◆ **DATA UNDER STUDY**:
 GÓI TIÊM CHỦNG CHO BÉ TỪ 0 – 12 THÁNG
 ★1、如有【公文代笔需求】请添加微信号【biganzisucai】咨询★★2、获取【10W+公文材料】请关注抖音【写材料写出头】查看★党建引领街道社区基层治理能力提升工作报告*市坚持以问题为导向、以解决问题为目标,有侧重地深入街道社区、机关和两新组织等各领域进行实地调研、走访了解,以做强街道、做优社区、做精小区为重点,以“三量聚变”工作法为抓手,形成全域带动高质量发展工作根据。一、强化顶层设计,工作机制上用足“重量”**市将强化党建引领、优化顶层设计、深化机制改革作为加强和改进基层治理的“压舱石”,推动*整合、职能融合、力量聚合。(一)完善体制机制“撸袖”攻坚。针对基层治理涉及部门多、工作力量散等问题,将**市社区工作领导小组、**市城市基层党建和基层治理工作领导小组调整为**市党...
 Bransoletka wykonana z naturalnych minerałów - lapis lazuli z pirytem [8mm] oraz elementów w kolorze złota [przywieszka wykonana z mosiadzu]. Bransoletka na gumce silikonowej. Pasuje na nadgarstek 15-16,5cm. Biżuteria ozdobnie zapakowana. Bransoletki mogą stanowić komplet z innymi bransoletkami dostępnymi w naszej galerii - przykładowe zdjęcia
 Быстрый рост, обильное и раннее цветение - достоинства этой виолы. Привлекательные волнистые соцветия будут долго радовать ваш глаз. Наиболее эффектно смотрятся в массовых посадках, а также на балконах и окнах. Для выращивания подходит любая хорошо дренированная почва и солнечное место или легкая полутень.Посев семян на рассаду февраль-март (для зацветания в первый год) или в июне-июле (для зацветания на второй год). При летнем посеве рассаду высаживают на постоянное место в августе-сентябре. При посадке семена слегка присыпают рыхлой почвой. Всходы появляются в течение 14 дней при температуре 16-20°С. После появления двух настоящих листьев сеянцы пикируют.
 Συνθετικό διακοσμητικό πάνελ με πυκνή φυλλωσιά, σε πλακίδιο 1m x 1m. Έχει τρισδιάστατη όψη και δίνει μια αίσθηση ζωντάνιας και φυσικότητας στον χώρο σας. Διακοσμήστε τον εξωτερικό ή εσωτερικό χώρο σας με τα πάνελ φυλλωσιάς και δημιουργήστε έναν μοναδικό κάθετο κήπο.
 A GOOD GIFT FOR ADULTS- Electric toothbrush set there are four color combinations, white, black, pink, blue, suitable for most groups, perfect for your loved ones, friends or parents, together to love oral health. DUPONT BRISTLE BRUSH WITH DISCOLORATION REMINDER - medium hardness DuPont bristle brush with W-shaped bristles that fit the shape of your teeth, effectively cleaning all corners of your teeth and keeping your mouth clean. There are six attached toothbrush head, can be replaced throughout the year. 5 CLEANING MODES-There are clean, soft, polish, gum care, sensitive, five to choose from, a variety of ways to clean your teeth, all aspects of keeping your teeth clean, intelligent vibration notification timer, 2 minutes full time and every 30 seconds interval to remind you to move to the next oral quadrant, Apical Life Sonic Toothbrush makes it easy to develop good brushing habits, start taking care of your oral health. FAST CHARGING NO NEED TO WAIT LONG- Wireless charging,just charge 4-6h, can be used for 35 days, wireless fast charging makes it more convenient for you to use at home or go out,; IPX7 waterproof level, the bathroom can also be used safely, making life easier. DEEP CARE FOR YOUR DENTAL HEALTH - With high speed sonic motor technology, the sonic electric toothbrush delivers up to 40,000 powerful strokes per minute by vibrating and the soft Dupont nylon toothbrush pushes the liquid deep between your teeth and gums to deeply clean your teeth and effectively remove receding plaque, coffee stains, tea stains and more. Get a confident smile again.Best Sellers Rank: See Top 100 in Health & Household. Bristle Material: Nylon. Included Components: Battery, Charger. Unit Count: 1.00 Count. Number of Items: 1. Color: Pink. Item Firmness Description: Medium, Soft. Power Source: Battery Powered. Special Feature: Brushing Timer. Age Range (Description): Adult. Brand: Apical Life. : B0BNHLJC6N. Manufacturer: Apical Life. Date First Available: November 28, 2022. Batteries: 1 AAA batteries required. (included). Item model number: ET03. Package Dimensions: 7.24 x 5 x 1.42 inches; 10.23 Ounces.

* * *

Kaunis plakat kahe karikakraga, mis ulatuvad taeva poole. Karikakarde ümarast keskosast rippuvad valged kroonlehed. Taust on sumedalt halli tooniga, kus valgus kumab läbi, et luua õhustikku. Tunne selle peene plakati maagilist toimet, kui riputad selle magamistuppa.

--

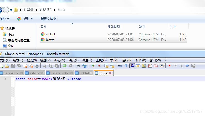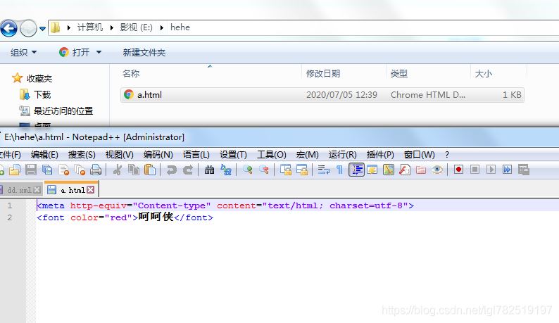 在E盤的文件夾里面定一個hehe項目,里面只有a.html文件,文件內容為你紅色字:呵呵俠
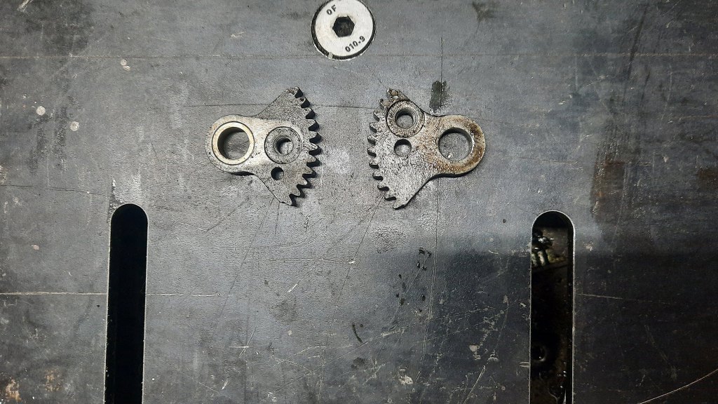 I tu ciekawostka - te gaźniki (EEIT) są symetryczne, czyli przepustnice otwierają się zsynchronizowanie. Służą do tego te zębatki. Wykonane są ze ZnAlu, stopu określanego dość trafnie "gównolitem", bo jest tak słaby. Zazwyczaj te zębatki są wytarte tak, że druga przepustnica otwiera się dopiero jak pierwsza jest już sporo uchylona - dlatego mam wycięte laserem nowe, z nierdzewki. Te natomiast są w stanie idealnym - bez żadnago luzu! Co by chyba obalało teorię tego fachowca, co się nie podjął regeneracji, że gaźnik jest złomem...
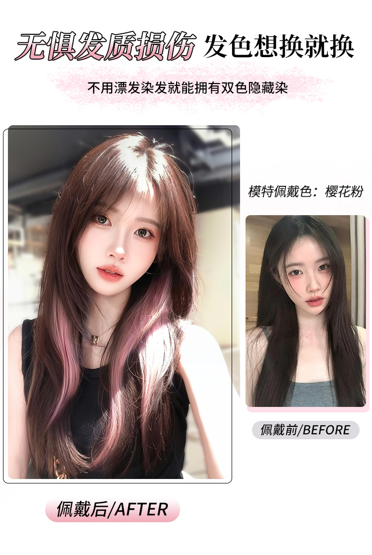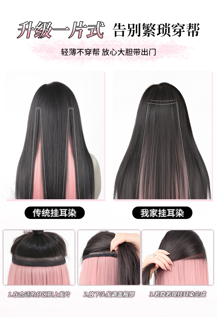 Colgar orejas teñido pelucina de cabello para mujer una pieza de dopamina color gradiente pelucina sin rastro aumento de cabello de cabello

◆ **TASK DESCRIPTION**:
From the records above, quote word for word only the lines beginning at the line that has "在E盤的文件夾里面定一個he" and stopping after the line that has "Colgar orejas teñido". Omit the pictures.

◆ **ANSWER BOX**:
 在E盤的文件夾里面定一個hehe項目,里面只有a.html文件,文件內容為你紅色字:呵呵俠
 I tu ciekawostka - te gaźniki (EEIT) są symetryczne, czyli przepustnice otwierają się zsynchronizowanie. Służą do tego te zębatki. Wykonane są ze ZnAlu, stopu określanego dość trafnie "gównolitem", bo jest tak słaby. Zazwyczaj te zębatki są wytarte tak, że druga przepustnica otwiera się dopiero jak pierwsza jest już sporo uchylona - dlatego mam wycięte laserem nowe, z nierdzewki. Te natomiast są w stanie idealnym - bez żadnago luzu! Co by chyba obalało teorię tego fachowca, co się nie podjął regeneracji, że gaźnik jest złomem...
 Colgar orejas teñido pelucina de cabello para mujer una pieza de dopamina color gradiente pelucina sin rastro aumento de cabello de cabello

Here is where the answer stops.